#### Brief:
Here the job is to transcribe the data exactly while omitting the images.

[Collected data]
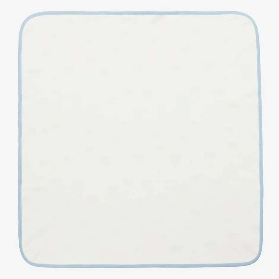 Super sweet, this ivory blanket for baby boys by Kissy Love is made from super soft Pima cotton jersey. It has a pale blue ribbed border and is printed with an adorable teddy bear pattern on one side. Gentle on delicate skin, it is ideal for use in the nursery or when out and about in the pram or car seat.
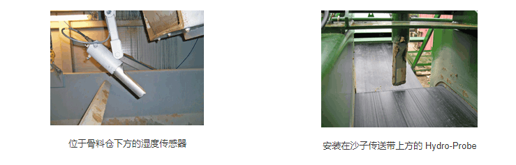 Hydronix 傳感器具有多種不同的安裝選項,可以根據各個工廠的要求安裝在不同的位置。可以將傳感器安裝在料倉頸部或料倉門下面以獲得佳的效果。采用這種安裝方式的常見傳感器是 Hydro-Probe;在沙子或骨料從料倉排出并經過傳感器面板時,該傳感器將測量讀數。如果很難將傳感器安裝在該位置,也可以將傳感器安裝在料倉內部以獲得良好的效果。
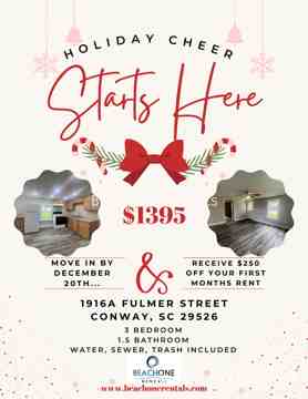 Don't miss out on this refreshed, 3 bedroom, 1.5 bathroom first floor apartment near Downtown Conway! This unit offers comfort, convenience and modern finishes throughout. Step inside to find luxury vinyl plank flooring and fresh paint in every room, creating a bright and welcoming space. The large main living area provides plenty of room for relaxing or entertaining, while ceiling fans in every room help keep the space comfortable year-round. The full bathroom features a tiled shower, adding a touch of style and durability. Enjoy the convenience of full-size washer/dryer hookups, making laundry days easy and efficient. With spacious bedrooms and thoughtful updates, this home offers everything you need for comfortable living. Water, sewer, trash and landscaping included. Tenant responsible for electric and renter's insurance. Sorry, no pets allowed. Annual lease required. Resident Benefits Package (RBP) Available!
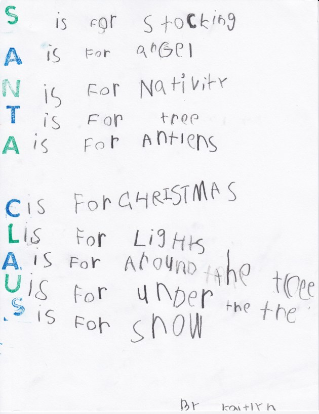 Kaitlyn’s activity was to write her own acrostic poem. We have not done any poetry at home yet but she loves to write so I knew she would like this activity. I first asked her to pick a Christmas word or phrase and she came up with ‘Santa Claus’. I thought this was the perfect length for her and not too long. She wrote the letters down the left hand side of her page and we decided to write ‘is for’ after each letter to make it easier for her to write and read. She got stuck on a few letters but the only one Mommy had to give her was nativity for the letter N. After she was done her rough copy she stamped out the word Santa Claus (it was her idea to do the colour pattern) and then neatly printed her poem. I think she did an awesome job!
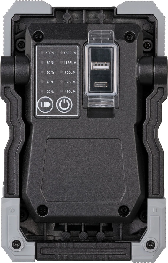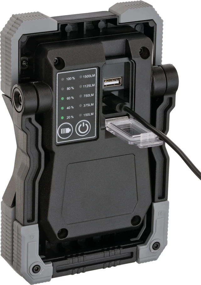 Mobiler LED Akku Strahler RUFUSÂ 1500 MA, 1500lm, IP65 Lichtstark, vielseitig und unverwüstlich. * Immer helles Arbeitslicht auch an Orten ohne Stromanschluss. * Schalter mit Funktionen Licht: 100 % – 75 % – 50 % – 25 % – 10 %. * USB-Ladekabel Typ A / C. * Li-lon Akku 3,7 V/5 Ah mit Powerbank Funktion und Ladeanzeige. * Powerbank-Funktion: USB-Ladeanschluss 1 A für Geräte mit USB Ladekabel wie Smartphones, Tablets, etc. * Gehäuse aus Aludruckguß, Kantenschutz aus hochwertigem Kunststoff. * Stoßfest und sturzsicher aus bis zu 3 m Höhe, IK08. * Stabiles, mehrstufig ausklappbares Gestell. * Mit passender robuster Tasche für den sicheren Transport. * Im farbigen Verkaufs-Karton.
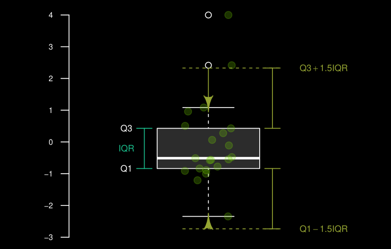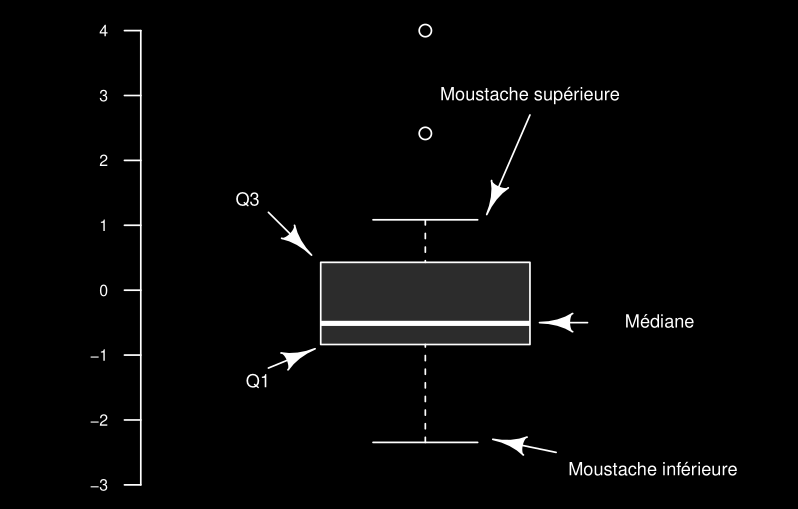• s dépend de toutes les données et peut être sensible aux observations éloignées (valeurs aberrantes). Les aberrantes apparaissent en dessous du Q1 et en haut du Q3 après une distance de 1.5 X IQR.
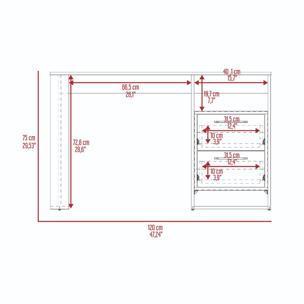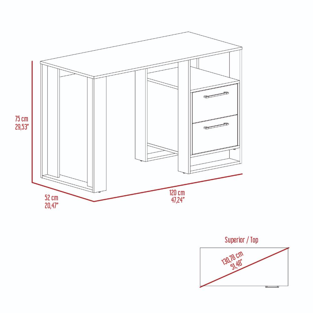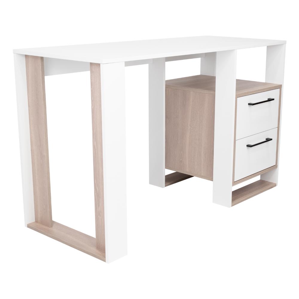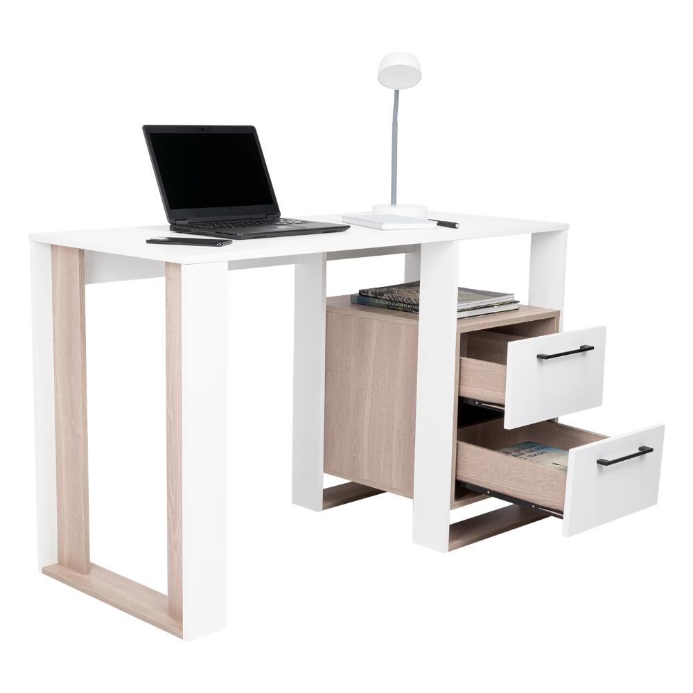 Escritorio Acrep, Blanco Duqueza y Bardolino, con dos cajones para ubicar objetos ZF

#### Solution for this task:
 Super sweet, this ivory blanket for baby boys by Kissy Love is made from super soft Pima cotton jersey. It has a pale blue ribbed border and is printed with an adorable teddy bear pattern on one side. Gentle on delicate skin, it is ideal for use in the nursery or when out and about in the pram or car seat.
 Hydronix 傳感器具有多種不同的安裝選項,可以根據各個工廠的要求安裝在不同的位置。可以將傳感器安裝在料倉頸部或料倉門下面以獲得佳的效果。采用這種安裝方式的常見傳感器是 Hydro-Probe;在沙子或骨料從料倉排出并經過傳感器面板時,該傳感器將測量讀數。如果很難將傳感器安裝在該位置,也可以將傳感器安裝在料倉內部以獲得良好的效果。
 Don't miss out on this refreshed, 3 bedroom, 1.5 bathroom first floor apartment near Downtown Conway! This unit offers comfort, convenience and modern finishes throughout. Step inside to find luxury vinyl plank flooring and fresh paint in every room, creating a bright and welcoming space. The large main living area provides plenty of room for relaxing or entertaining, while ceiling fans in every room help keep the space comfortable year-round. The full bathroom features a tiled shower, adding a touch of style and durability. Enjoy the convenience of full-size washer/dryer hookups, making laundry days easy and efficient. With spacious bedrooms and thoughtful updates, this home offers everything you need for comfortable living. Water, sewer, trash and landscaping included. Tenant responsible for electric and renter's insurance. Sorry, no pets allowed. Annual lease required. Resident Benefits Package (RBP) Available!
 Kaitlyn’s activity was to write her own acrostic poem. We have not done any poetry at home yet but she loves to write so I knew she would like this activity. I first asked her to pick a Christmas word or phrase and she came up with ‘Santa Claus’. I thought this was the perfect length for her and not too long. She wrote the letters down the left hand side of her page and we decided to write ‘is for’ after each letter to make it easier for her to write and read. She got stuck on a few letters but the only one Mommy had to give her was nativity for the letter N. After she was done her rough copy she stamped out the word Santa Claus (it was her idea to do the colour pattern) and then neatly printed her poem. I think she did an awesome job!
 Mobiler LED Akku Strahler RUFUSÂ 1500 MA, 1500lm, IP65 Lichtstark, vielseitig und unverwüstlich. * Immer helles Arbeitslicht auch an Orten ohne Stromanschluss. * Schalter mit Funktionen Licht: 100 % – 75 % – 50 % – 25 % – 10 %. * USB-Ladekabel Typ A / C. * Li-lon Akku 3,7 V/5 Ah mit Powerbank Funktion und Ladeanzeige. * Powerbank-Funktion: USB-Ladeanschluss 1 A für Geräte mit USB Ladekabel wie Smartphones, Tablets, etc. * Gehäuse aus Aludruckguß, Kantenschutz aus hochwertigem Kunststoff. * Stoßfest und sturzsicher aus bis zu 3 m Höhe, IK08. * Stabiles, mehrstufig ausklappbares Gestell. * Mit passender robuster Tasche für den sicheren Transport. * Im farbigen Verkaufs-Karton.
• s dépend de toutes les données et peut être sensible aux observations éloignées (valeurs aberrantes). Les aberrantes apparaissent en dessous du Q1 et en haut du Q3 après une distance de 1.5 X IQR.
 Escritorio Acrep, Blanco Duqueza y Bardolino, con dos cajones para ubicar objetos ZF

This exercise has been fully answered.